Сладко пахнет несуществующими более пончиками и шоколадом, из которого пайки категории H2, раздаваемые мирному населению, состоят на 11%. Он отдает две трети мяса и тунца из своего пайка A1 детям, и все равно они едят раз в десять больше шоколада, чем он бы позволил им в мирное время (ладно, нет смысла об этом думать). Что я пропустил? Приходил мальчик. Какой мальчик? Этот твой мальчик. Что, один?! (Алюф Цвика Гидеон не мог представить себе, что хлюпало сделает хоть шаг без Даны.) Да, один. Нет-нет, с Даной Гидеон все хорошо, и с собакой все хорошо. Он сказал – ему надо поговорить. Гребаный мальчик. Черт знает что, а не утро. Я выйду на всякий случай и найду гребаного мальчика? Конечно, мы пока про гигиену в лагерях, это ответственность Тамарчика, никто не слушает Тамарчика.

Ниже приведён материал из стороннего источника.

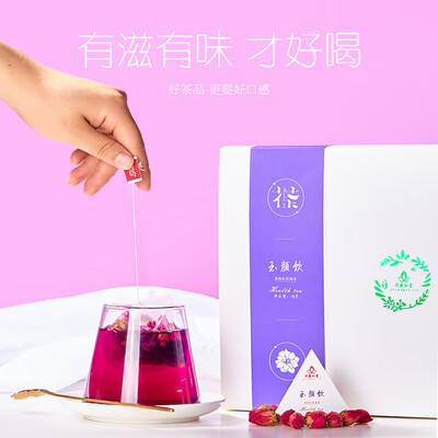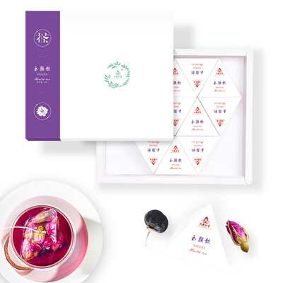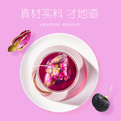 选用优质黑枸杞、重瓣玫瑰花为原料,科学配比而成,冲泡后茶汤色泽透亮鲜艳。简约包装盒设计,自饮或是送朋友都是佳选。

Он почему-то представлял себе, что Марик Ройнштейн, как всегда, стоит за спиной у Даны, пока та радужными ногами пинает радужную морскую воду или занимается чем-нибудь еще с той же мерой осмысленности, но сопливчик подвернулся ему под ноги прямо за углом, по пути к центральным лифтам. Алюф Цвика Гидеон выругался и извинился. Сопливчик стоял, качаясь мелким тельцем, как суслик, как будто алюф Цвика Гидеон каждым движением рук дергал за привязанные к его макушке ниточки.
– Что? – спросил алюф Цвика Гидеон нетерпеливо.

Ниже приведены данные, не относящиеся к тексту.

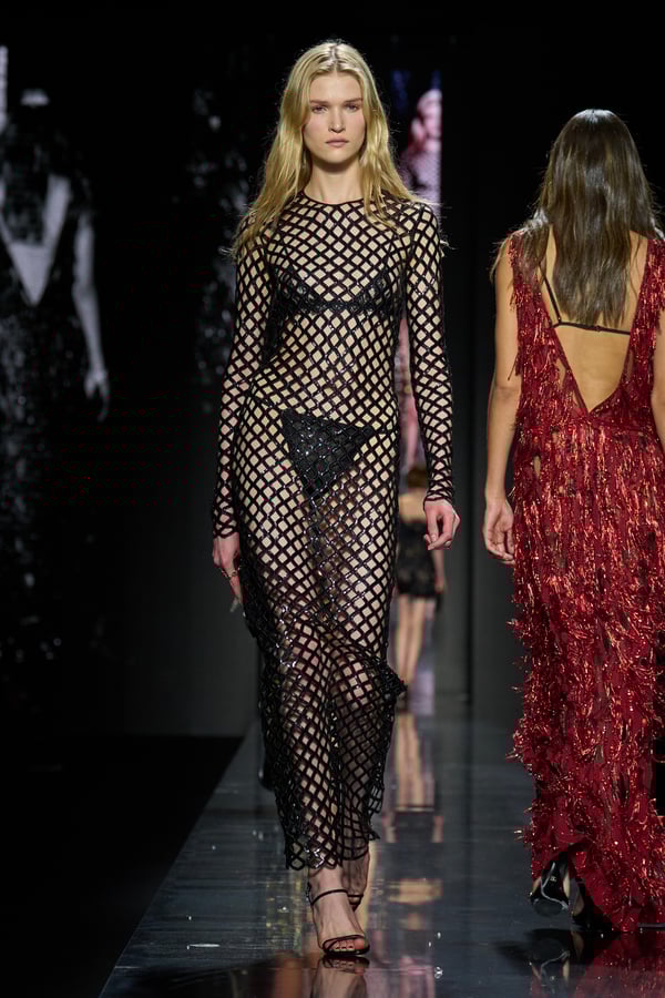 ショーは「アウターウェア」と「イブニングウェア」の2セクションで構成され、前半はデニムのジャケットやパンツにビジュー刺繍が施されていたり、オーバーサイズのMA-1ジャケットにビーニーを被ったカジュアルなスタイルでありながらグラマラスをちらつかせるなルックが登場。後半はセンシュアルな透け感や繊細な刺繍やスパンコール、クリスタルを施したショート丈のドレスで、チュールやランジェリー素材を取り入れた。ランウェイは会場を飛び出し外にまで延長され、会場に集まったファンにも新作コレクションを披露。ロックバンド マネスキンのヴィクトリア・デ・アンジェリスによるDJプレイをBGMに、自由な感性でファッションを楽しむ女性たちに向けた、洗練されたスタイリングの可能性を大衆を巻き込む形で提示した。

– Пропуск, – сказал сопливчик заунывно, как в трубу.
– Куда? – не понял алюф Цвика Гидеон.
Сопливчик помотал головой и снова качнулся.
– Марик, говори, пожалуйста, – алюф Цвика Гидеон очень старался, – чем я могу тебе помочь? Тебе нужен пропуск? Что-то случилось? Тебе надо поехать к врачу?
– К Сури пришла сестра, я видел ее сестру, – сказал сопливчик.
– К нам всем иногда ходят люди, – сказал алюф Цвика Гидеон. (Ничего ж себе! Неужели маленький засранец собрался настучать ему на Сури? Алюф Цвика Гидеон даже заинтересовался.)
– Пропуск, – сказал сопливчик.
– Марик, – сказал алюф Цвика Гидеон, – я там не шерсть на палочке верчу, а пытаюсь вытащить тридцать тысяч человек и хрен знает сколько прочих тварей из жопы. Ты можешь сказать, что тебе надо? Тебе надо для кого-то пропуск? Ты хочешь, чтобы к тебе кто-то пришел? (Кто, кто? Кто остался на белом свете у этого бедного суслика?)
– Один день, – сказал сопливчик и втянул в себя слизь с шумом промышленного гостиничного пылесоса. – Я слышал, вчера она говорит Адас: мне пропуск на сестру. А сегодня пришла сестра. Дать пропуск занимает один день.
Испуганный голос. Слизкий, тягучий голос маленького сопливца. Маленький ты сопливец.
Алюф Цвика Гидеон осторожно потянул воздух носом, сглотнул тугой, колючий ком ярости и спросил освободившимся горлом:
– Что ты хочешь, мальчик?
– Мяса, – сказал Марик Ройнштейн, и кадык у него жадно дернулся. – Два еще мяса каждый… Каждые…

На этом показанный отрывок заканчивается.